Exercise details
Your copy should match the listing below word for word, with no images in it.
··· Source data
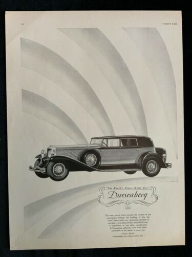 E Duesenberg 1929 Ad 12 3/4 x 9 1/2
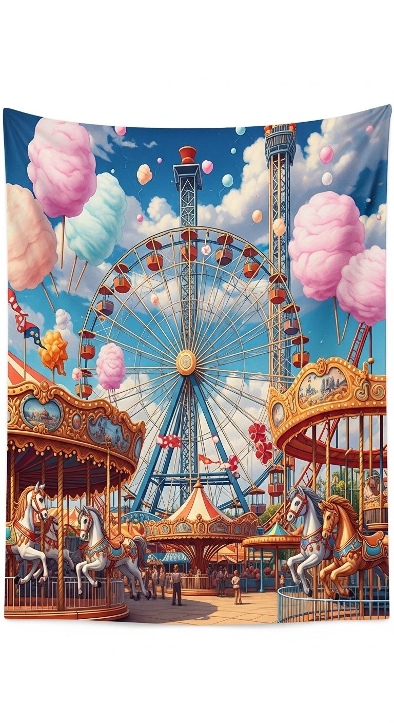 The design combines a detailed Ferris wheel at center, its spokes morphing into ribbons that weave through stylized carousel horses and fluffy cotton candy clouds;
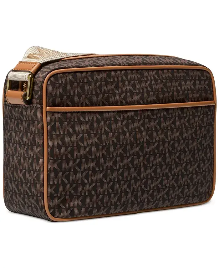 Michael Kors Jet Set Logo East West Nylon Crossbody Çanta, ayarlanadigan yelka tasmasi, ustki fermuar yopilishi, ichki qismida bitta fermuarli cho'ntak va bitta ochiq cho'ntak mavjud. Tashqi qism 69% neylon, 31% polyesterdan; astar 100% polyesterdan ishlab chiqarilgan. O'lchamlari: 24,13 sm (K) x 16,51 sm (B) x 5,08 sm (E).
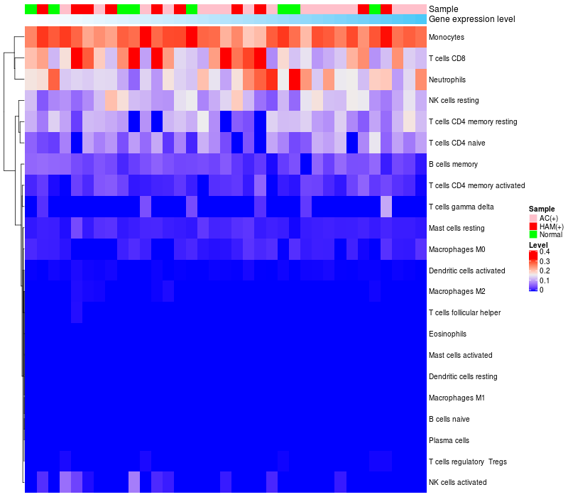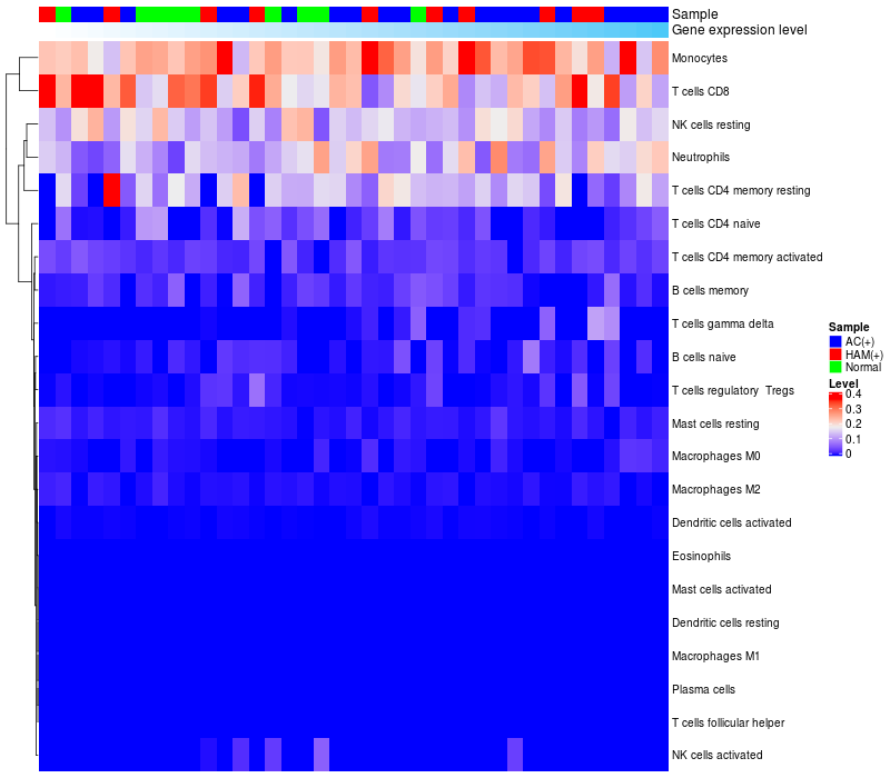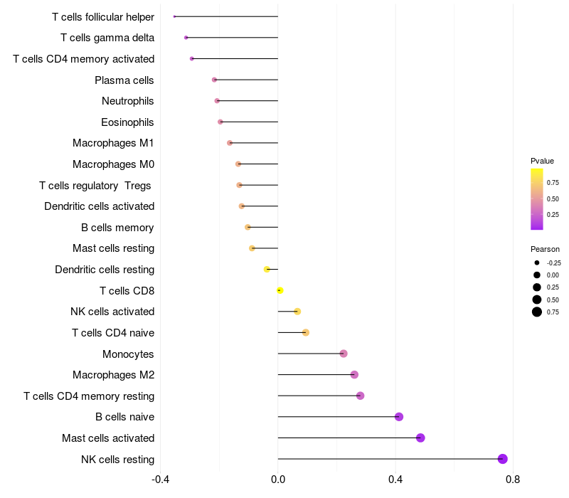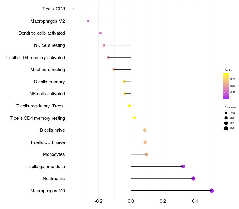 Relationship between gene expression and immune infiltrating cell level
······
Result below
 E Duesenberg 1929 Ad 12 3/4 x 9 1/2
 The design combines a detailed Ferris wheel at center, its spokes morphing into ribbons that weave through stylized carousel horses and fluffy cotton candy clouds;
 Michael Kors Jet Set Logo East West Nylon Crossbody Çanta, ayarlanadigan yelka tasmasi, ustki fermuar yopilishi, ichki qismida bitta fermuarli cho'ntak va bitta ochiq cho'ntak mavjud. Tashqi qism 69% neylon, 31% polyesterdan; astar 100% polyesterdan ishlab chiqarilgan. O'lchamlari: 24,13 sm (K) x 16,51 sm (B) x 5,08 sm (E).
 Relationship between gene expression and immune infiltrating cell level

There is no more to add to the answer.